Witam.
Od dwóch dni z rana po odpaleniu z pod maski dobiega "cykanie" które ustaje po kilku sekunach.
Wzrosło też spalanie oleju(Maxlife, niecałe 2 tyś po wymianie) z 0.5/1000 do 0.4/150 (z 3/4 miarki do połowy)
Panewki :confused:
Printable View
Witam.
Od dwóch dni z rana po odpaleniu z pod maski dobiega "cykanie" które ustaje po kilku sekunach.
Wzrosło też spalanie oleju(Maxlife, niecałe 2 tyś po wymianie) z 0.5/1000 do 0.4/150 (z 3/4 miarki do połowy)
Panewki :confused:
Niestety czas na remont silnika
Załamka... 108tyś przebiegu (autentyczny, zalewany na czas dobrym olejem) i takie coś :-(
Góra ? dół?
Na jakie koszty mam się przygotować tak +/- ?

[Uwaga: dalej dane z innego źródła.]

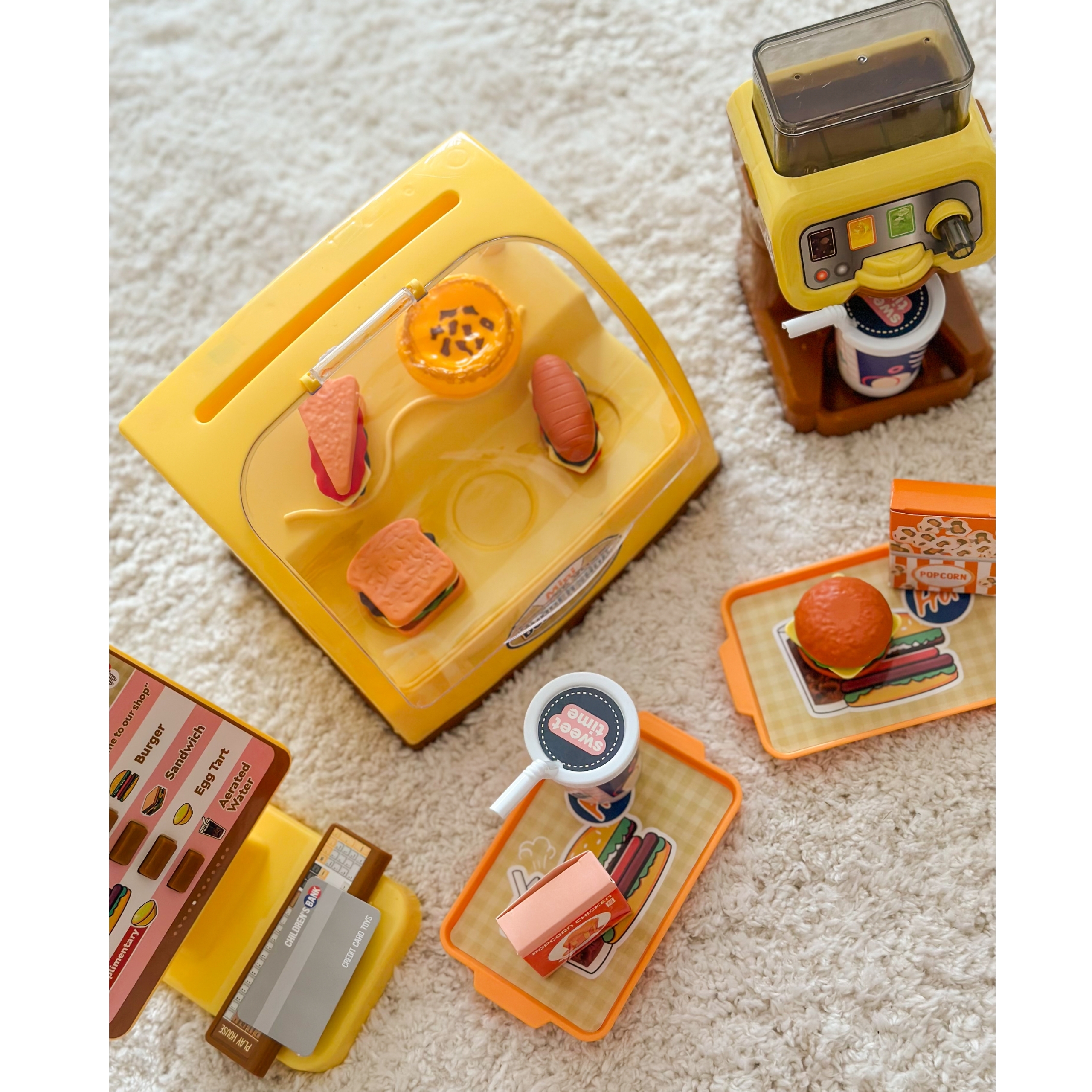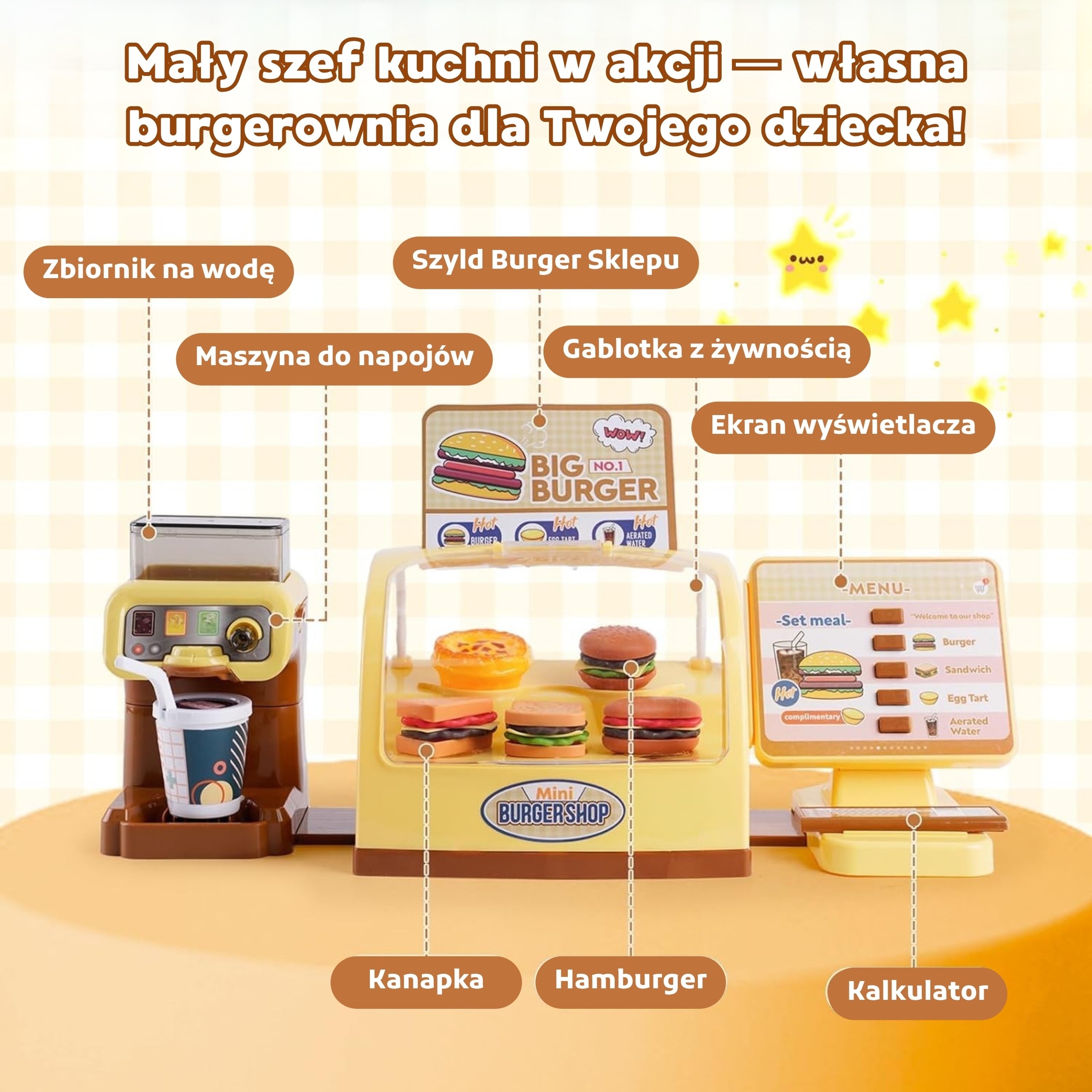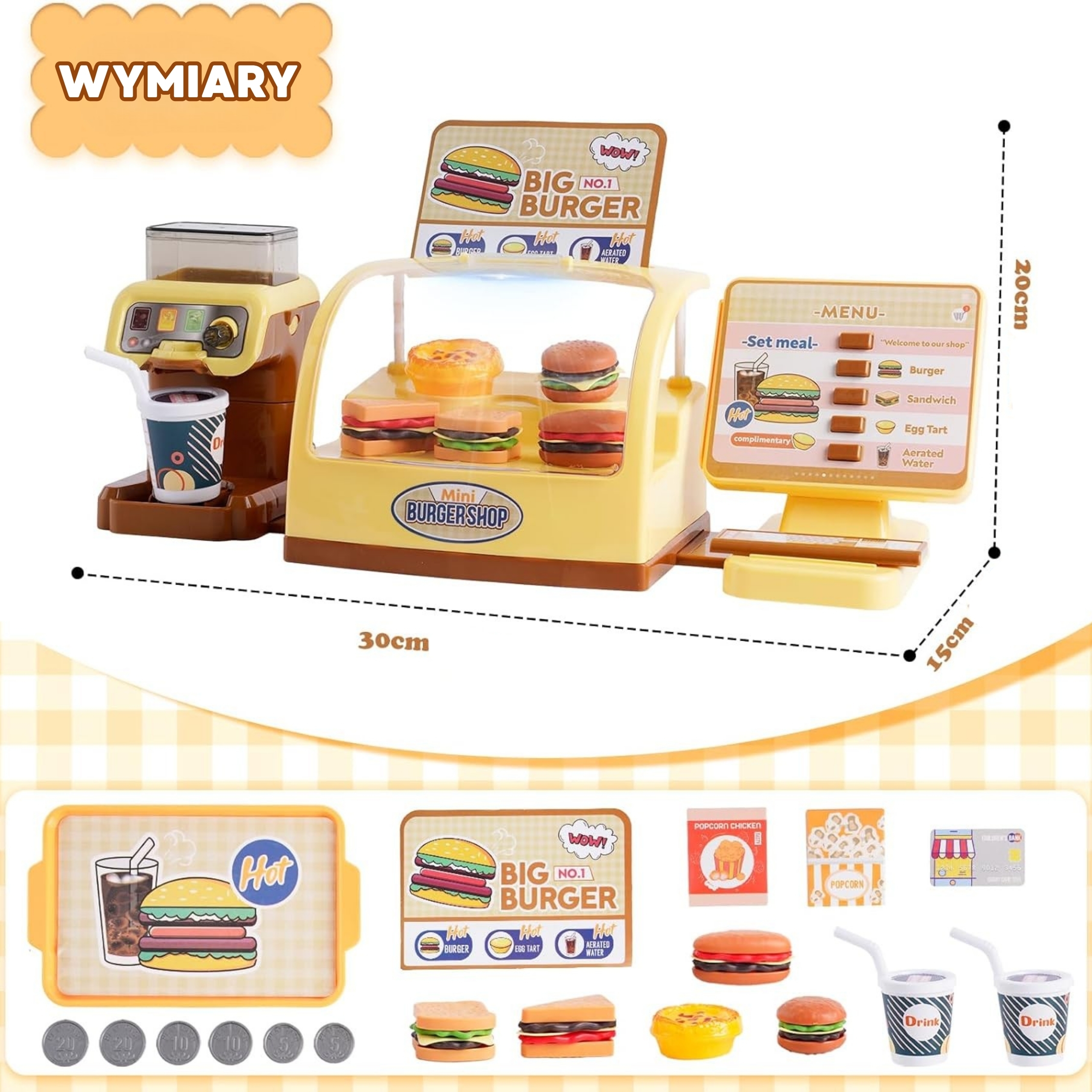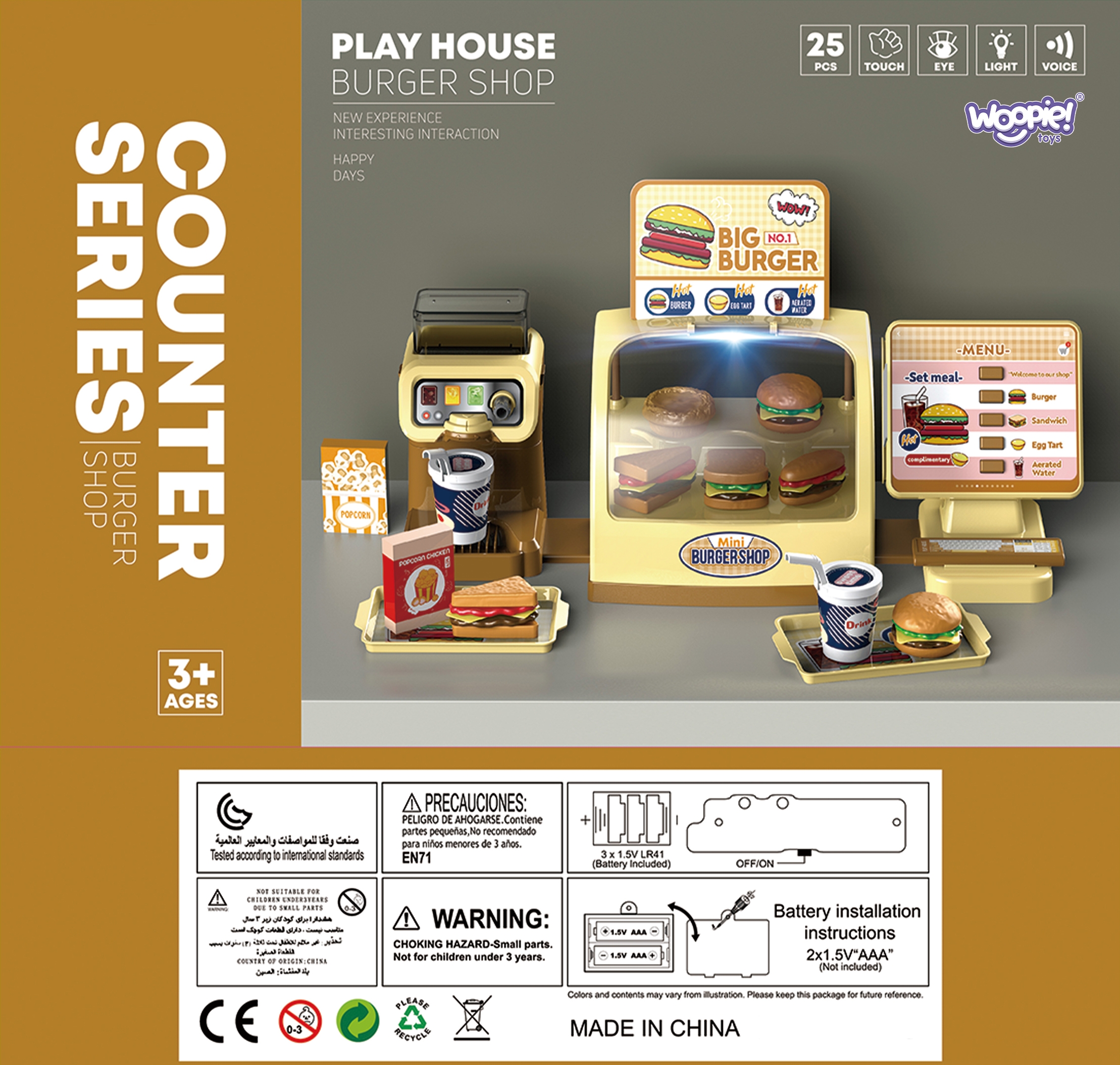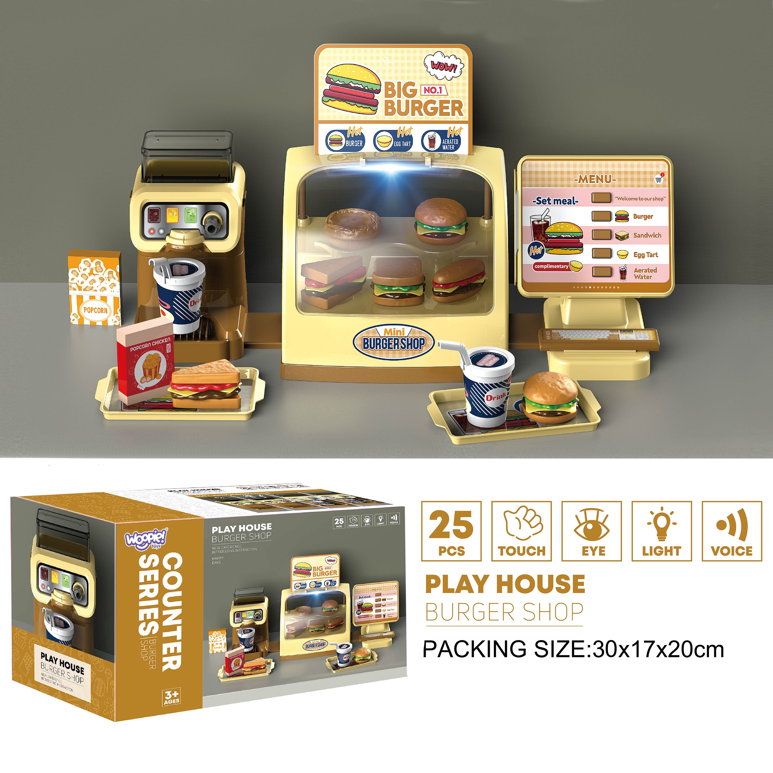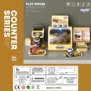 Mini Burger Shop “BIG BURGER” kaubamärgilt WOOPIE on suurepärane mängukomplekt. Saame teenindada kliente, kes valivad nõud otse valgustatud letilt! Sellel on nuppudega ekraan, vajutades pakub pood meile heliefekte! Saame valada jaoturisse vett ja valada selle kõrrega spetsiaalselt disainitud topsidesse. Komplekt arendab käelisi oskusi, kujutlusvõimet, loovust ja iseseisvat mõtlemist. Omadused: – komplekt lastele alates 3. eluaastast – on 25 elemendiga – peale ekraanil oleva nupu vajutamist mängib komplekt pildilt toote nimetust inglise keeles – komplektis on joogiautomaat, kuhu saab vett valada – komplekt vajab patareisid: 2 x 1,5V “AAA” (ei kuulu komplekti) – valgustusega lett. Komplekti kuuluvad: – hamburgerid – võileivad – friikartulid – 2 popkorni – kõrrega tassid – kandikud roogade serveerimiseks – ekraan – joogiautomaat – mündid ja maksekaardid

Masz rację, ale to i tak stanowczo za dużo.
Zaraz po wymianie oleju zazwyczaj tak jest że po krótkim czasie trzeba uzupełnić olej . Może to cykanie od wariatora ?
Kontroluje olej na bierząco, po wymianie było wszystko OK przez około 1700km (dolałem coś około 0.5/1000 ) W ciągu dwóch ostatnich dni po całonocnym postoju jak odpaliłem usłyszałem to cykanie które ustało po kilku sekundach.Dzień wcześniej sprawdzałem stan oleju i dolałem do 3/4 podziałki W ciągu dnia jak jeżdze nie słychać tego cykania przy zapalaniu. Sprawdziłem poziom oleju przez około 150km ubyło z 3/4 do niecałej 1/2 podziałki czyli prawie tyle co wcześniej przez 1000km
Na pewno panewki nie maja nic wspólnego z paleniem oleju , Może z tym olejem jest coś nie teges?a może jakiś wyciek ?
Valvoline Maxlife... wcześniej dolewałem z butelki którą kupiłem w sklepie przy wymianie (4L + 1L, nie było butelek 5L), dolewka z przed wystąpienia cykania i nadmiernego spalania oleju była z oleju zakupionego w internecie (butelka 5l) Wycieku raczej nie ma (sprawdze dokładnie jutro) podłoga w garażu jest sucha.
Właśnie miałem założyć podobny temat, mnie także dotyczy to cykanie (chyba) zaworów przez ok. 20-30 sekund po starcie. Zużycie oleju w normie.
Nie jestem pewien, ale zaczęło się to po zmianie oleju w norauto (olej castrol 10w40, to juz 3 wymiana na ten sam olej).
Wracając, do tego cykania, to mnie to trochę zaczyna nie pokoić ;(
Możecie nagrać, kierować kamerę na rozrząd i później na pokrywę (mikrofon ładnie zbiera) ?
Może wariat wam klekocze ?
Cze,mam pytanko a popychacze to hydrauliczne czy manuale w waszych silnikach.?
Wariator wymieniałem 15kkm temu.
Dźwięk wydobywa się z pod pokrywy silnika, ale ciężko stwierdzić, czy bliżej wariatora, czy raczej z drugiej strony.
---------- Post dodany o godzinie 09:03 ---------- Poprzedzający go post został napisany o godzinie 09:01 ----------
hydrauliczne
Witaj,ja bym obstawiał wtedy popychacze ,może coś z olejem nie tak .pozdr
hmm... to chyba wina oleju... na bagnecie oleju widać małe bąbelki, z tego co wiem dzieje się tak jak się zmiesza oleje o różnych specyfikacjach.
Wychodzi na to że Maxlife zakupiony w sieci to podróba! :-(
Te małe bąbelki to może być płyn chłodzacy, a to by znaczyło że puściła uszczelka pod głowicą
Płynu chłodniczego nie ubywa, w jego zbiorniczku nie widać plam od oleju, bąbli powietrza też nie zaobserwowałem. Wszystko (cykanie, nadmierne zużycie oleju, a teraz te bąbelki) zaczeło się po dolewce Maxlifa zakupionego w sieci :-(
Już nieraz pokazywali w telewizji różne "fabryki" mieszczące się w garażach, czy szopach, produkujące towary z marnego surowca, albo rozlewnie różnych płynów wątpliwej jakości. Pewnie kupiłeś olej z takiej właśnie fabryki. Ja bym nie ryzykował zakupu oleju z nieznanego zródła.